Qui, le le scuole si sono lentamente islamizzate. Non solo nelle discipline: i posti in fondo alle classi sibi destinati alle ragazze; queste ultime vengono scoraggiate a rivolgere la parola ai ragazzini; imposizione del velo alle docenti; insegnamento della religione islamica per tutti; divieto di tombole o altri giochi natalizi perché “un-islamic”; denaro prelevato dal budget scolastico per finanziare un viaggio in Arabia Saudita di alcuni ragazzi di fede musulmana. Per dirla in breve quello che la polizia battezzò come “Trojan Horse Operation”, trasformare le scuole in questione in un cavallo di Troia per sfondare il muro delle leggi di Londra e far entrare i precetti islamici nel sistema educativo inglese. Come pensate che si islamizzino le società? Ce lo ha insegnato il comunismo: rieducando nelle scuole.
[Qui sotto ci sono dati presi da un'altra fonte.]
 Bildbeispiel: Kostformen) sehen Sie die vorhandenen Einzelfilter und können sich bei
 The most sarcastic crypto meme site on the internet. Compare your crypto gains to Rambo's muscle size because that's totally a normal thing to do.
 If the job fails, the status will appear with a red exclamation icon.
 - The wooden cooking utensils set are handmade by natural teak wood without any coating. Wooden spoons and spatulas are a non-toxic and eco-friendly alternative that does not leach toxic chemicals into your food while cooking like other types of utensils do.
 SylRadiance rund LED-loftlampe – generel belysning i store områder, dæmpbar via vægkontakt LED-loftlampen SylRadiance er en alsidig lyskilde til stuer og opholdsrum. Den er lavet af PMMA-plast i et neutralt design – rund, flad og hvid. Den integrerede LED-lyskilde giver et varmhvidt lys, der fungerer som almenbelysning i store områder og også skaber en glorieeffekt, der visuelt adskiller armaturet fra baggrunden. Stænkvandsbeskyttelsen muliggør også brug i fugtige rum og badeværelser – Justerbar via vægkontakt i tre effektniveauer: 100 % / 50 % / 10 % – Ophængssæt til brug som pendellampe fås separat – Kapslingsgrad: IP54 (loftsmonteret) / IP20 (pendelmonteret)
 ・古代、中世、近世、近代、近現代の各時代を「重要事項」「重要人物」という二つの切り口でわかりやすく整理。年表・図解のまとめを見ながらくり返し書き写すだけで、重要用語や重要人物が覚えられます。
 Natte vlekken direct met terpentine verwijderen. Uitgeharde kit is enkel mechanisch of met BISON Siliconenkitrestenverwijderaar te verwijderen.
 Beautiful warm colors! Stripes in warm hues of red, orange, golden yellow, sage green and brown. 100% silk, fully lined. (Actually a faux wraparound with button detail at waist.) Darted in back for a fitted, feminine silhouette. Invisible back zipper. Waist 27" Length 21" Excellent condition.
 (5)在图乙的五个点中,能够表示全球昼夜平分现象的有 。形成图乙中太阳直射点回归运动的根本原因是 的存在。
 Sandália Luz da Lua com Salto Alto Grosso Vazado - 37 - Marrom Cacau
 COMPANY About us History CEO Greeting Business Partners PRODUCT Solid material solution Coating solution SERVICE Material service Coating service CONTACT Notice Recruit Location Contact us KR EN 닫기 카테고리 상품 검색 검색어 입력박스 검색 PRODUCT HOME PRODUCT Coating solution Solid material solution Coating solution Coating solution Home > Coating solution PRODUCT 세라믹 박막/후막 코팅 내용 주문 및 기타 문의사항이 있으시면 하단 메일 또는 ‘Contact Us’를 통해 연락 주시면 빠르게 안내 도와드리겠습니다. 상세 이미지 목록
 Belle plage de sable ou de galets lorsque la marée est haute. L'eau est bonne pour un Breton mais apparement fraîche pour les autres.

È per questo che un ballo volgare, ma non osceno, da parte di una ragazzina può essere processato dall’opinione pubblica che ha imparato a privare di dignità la donna come vuole la legge islamica. L’Occidente a comando pudico e moralista quando si tratta di difendere qualsiasi diritto, e che, al contrario condanna chi osa mortificare un cane, sa che schierarsi dalla parte della ragazzina di turno, e provare a difenderla, significherebbe ‘offendere’ i musulmani o, più in generale, uno dei simboli dell’islam – l’hijab – e si tiene ben alla larga dal cadere in un ‘errore’ simile. E allora diventa coerenza tacere, come avviene con i matrimoni forzati, le mutilazioni genitali femminili, i tribunali della sharia in Gran Bretagna, gli abusi e le violenze ai danni di donne e giovani ragazze, migliaia, molestate e stuprate a Rotherham.
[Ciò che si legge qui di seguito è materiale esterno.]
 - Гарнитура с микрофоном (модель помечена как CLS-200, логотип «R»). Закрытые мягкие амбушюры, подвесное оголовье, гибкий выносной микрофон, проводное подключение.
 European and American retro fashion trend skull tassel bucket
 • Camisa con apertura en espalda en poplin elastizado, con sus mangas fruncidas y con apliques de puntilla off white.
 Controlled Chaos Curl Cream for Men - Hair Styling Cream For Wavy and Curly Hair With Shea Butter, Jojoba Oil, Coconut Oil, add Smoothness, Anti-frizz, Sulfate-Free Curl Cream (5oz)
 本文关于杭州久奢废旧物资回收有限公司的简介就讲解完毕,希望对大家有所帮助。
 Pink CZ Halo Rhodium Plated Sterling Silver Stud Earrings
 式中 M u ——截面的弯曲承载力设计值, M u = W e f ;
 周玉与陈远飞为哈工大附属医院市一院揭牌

Al contempo non si può guardare ad episodi del genere e pensare che il pubblico ludibrio a cui è stata esposta la giovane, e il pericolo che corre forse la diciassettenne di essere assassinata da qualche fondamentalista offeso dal suo comportamento, siano episodi isolati nella multietnica Inghilterra. Giusto per citarne un altro, a Darmstadt, in Germania, la diciannovenne Lareeb Khan è stata uccisa nel 2015 direttamente dai suoi genitori quando ha deciso di togliersi il hijab. Suo padre, Asadullah Khan, ha commentato senza farsi troppi scrupoli di aver ucciso la figlia per salvare l’onore della famiglia: i valori occidentali che si erano impossessati della figlia gli stavano rovinando la vita. Ma se il giornalista collettivo continua a giocare con il fuoco e ad imputare esclusivamente al presidente degli Stati Uniti Trump la responsabilità di promuovere “una grande narrazione che contrappone il mondo musulmano contro l’occidente”, che speranza abbiamo di capire cosa sta accadendo e soprattutto di salvare la nostra identità?